Até que toca aquele som do Turf que todo mundo conhece. Começo a pular com meus amigos que, pra alegria do meu ego, também não tiveram sorte nenhuma. Entre uma zoeira e outra, decidimos jogar a última ficha antes que a roleta diga "não vai mais".
Aí, com atitude de vencedor — coisa que é foda de ter quando se tem menos vida sexual que astronauta —, a gente chega nuns rabos de saia. E o filho da puta do Pedro fica com a que era até passável, e o que sobra pra mim? Aff, coitada da feiosa, parecia que até o rosto doía de tão feia que era. Mas fazer o quê, um deslize não faz mal a ninguém. Depois de usar todo meu arsenal e tudo que eu manjo do assunto, tô enganchado com a magrela. Antes de tudo acabar, vou lá e, como quem pede um último desejo antes de morrer na frente do pelotão de fuzilamento, peço pro cara do bar me dar a bebida mais forte que ele tem e a mais pura possível. Parecia gasolina aquela merda, mas o mau bocado passa rápido.
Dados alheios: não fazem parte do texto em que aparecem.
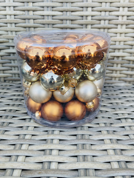 Cutie cu globulete din sticla de 3 cm, culoare mix 3, cantitate: 45 bucati.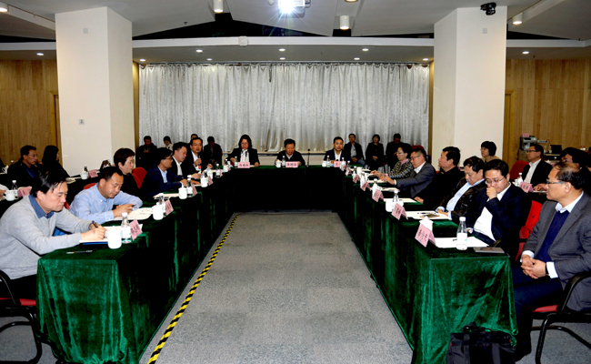 大连化物所党委书记王华首先汇报了大连化物所总体情况、科研进展、人才队伍建设、研究生工作、网信工作及发展重点,三寰集团汇报了能源学院项目设计及建设管理工作。参会人员就能源学院建设模式与方案、信息化工作、研究生招生、科教融合、研究所发展规划等工作进行了深入交流。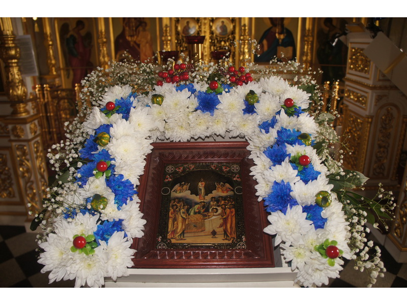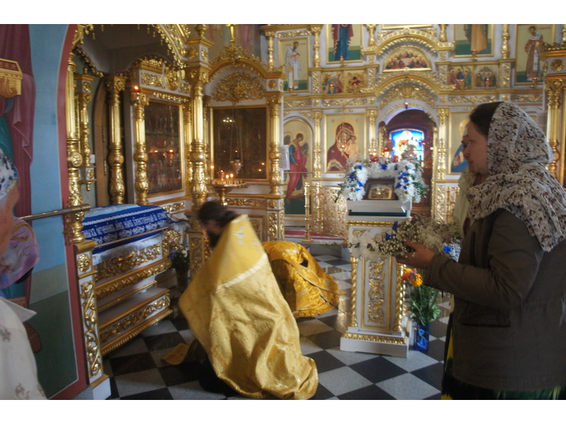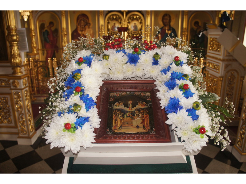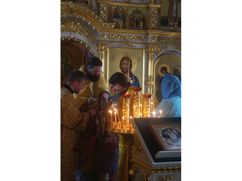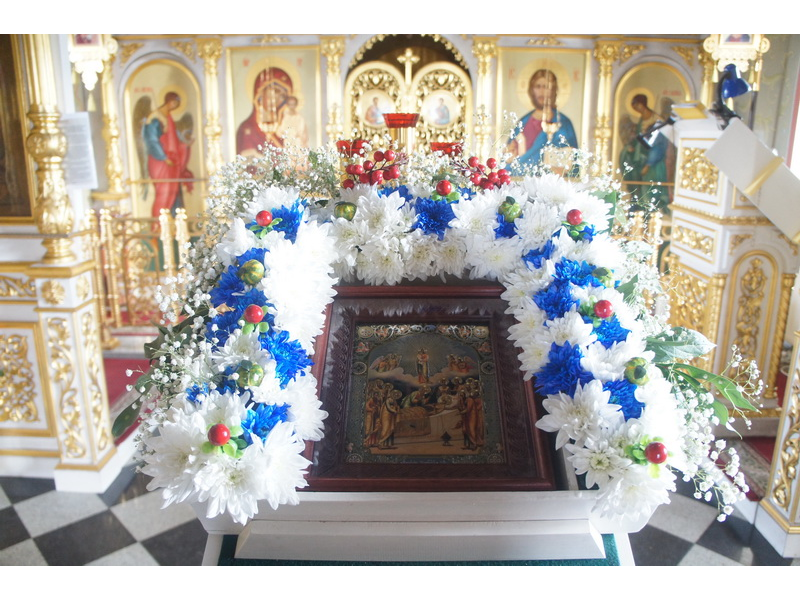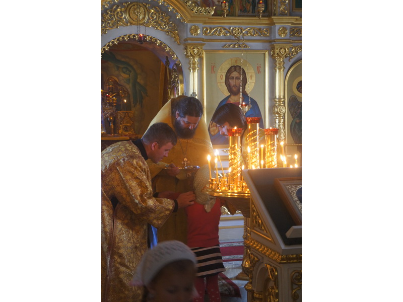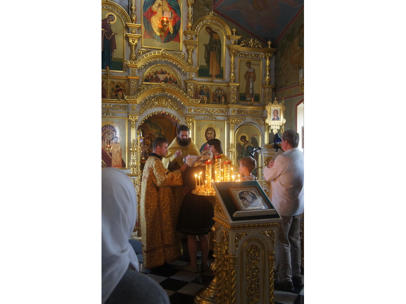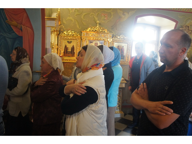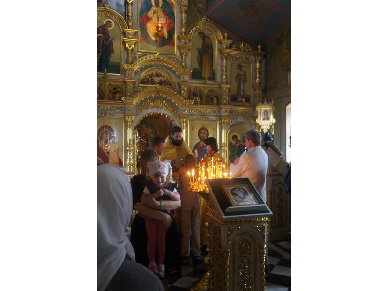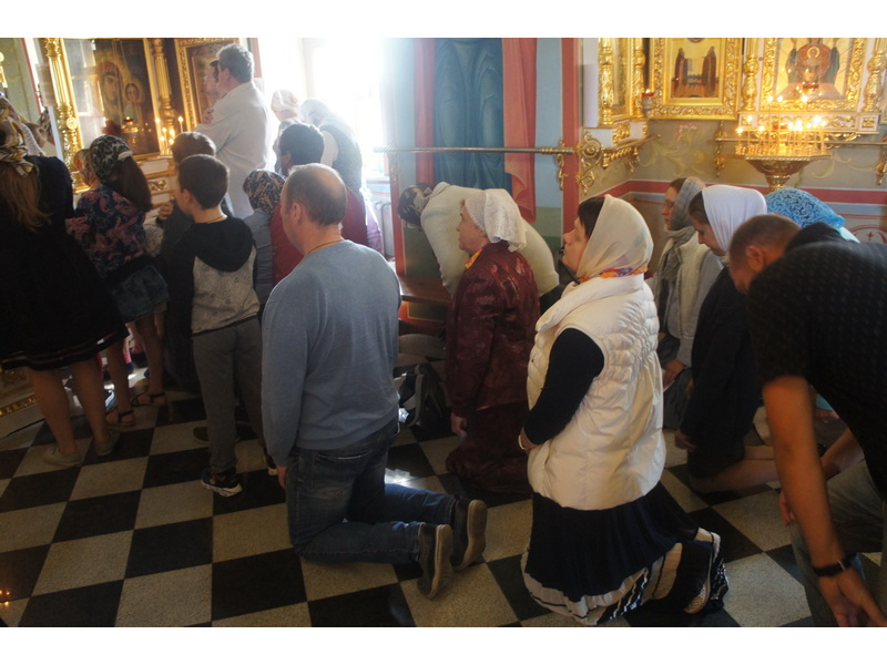 Воскресный день на приходе прошел очень активно. Утром после Божественной Литургии был отслужен молебен для учащихся. В обед нас посетили паломники из Москвы, им была проведена экскурсия по храму и предложена домашняя трапеза. Вечером была отслужена всенощная, после которой детки направились на источник и полакомились сладкими угощениями и дыней. Икону к празднику в храме украшали воспитанники воскресной школы, а также готовили сладкие угощения.

Subimos no Fiatinho e arranco pro hotel. "Tenho que terminar com esse leite acumulado", vou pensando. A magrela já se joga pra fazer um boquete. Foco na estrada e sinto como se tivesse metido a pica num micro-ondas de tão rápido. Parece que tem duas línguas a filha da puta. Não aguentei nem 5 minutos aquele boquete gostoso até encher a boca dela com meus filhotes.
Chegamos no hotel e, depois de pagar, pego o quarto 13. Entro, me troco e procuro a camisinha que é mais velha que injustiça social. A magrela se despe — é um monumento à dengue, a desgraçada tem menos carne que semana santa. Já tô aqui e tenho que ver a cara de Cristo, senão vou começar a chutar pro outro lado a qualquer hora 🙎♂️. Entro no banheiro enquanto apalpo a cobra, reanimando ela pra ação.
Chega a magrela, sobe em mim e se mexe como se tivesse cumprindo pena nos últimos 15 anos — se movia mais rápido que o Alonso na reta final. Tava lixando minha pica, a desgraçada. Me concentro em salada, isso sempre me faz aguentar um pouco mais. Mas dessa vez não, não aguento mais. Gozei. Finalmente cortei essa sequência de não pegar nem uma gorda empacada. Fim de semana após fim de semana, eu me digo. A magrela parece insatisfeita, mas pra mim tanto faz. Levo ela até a casa dela — casa bonita, a desgraçada. Peço o telefone por cortesia, embora saiba bem que posso precisar, e me despeço o mais educado possível. Já tô imaginando as zoações dos babacas, mas não foi nada mal, vou pensando.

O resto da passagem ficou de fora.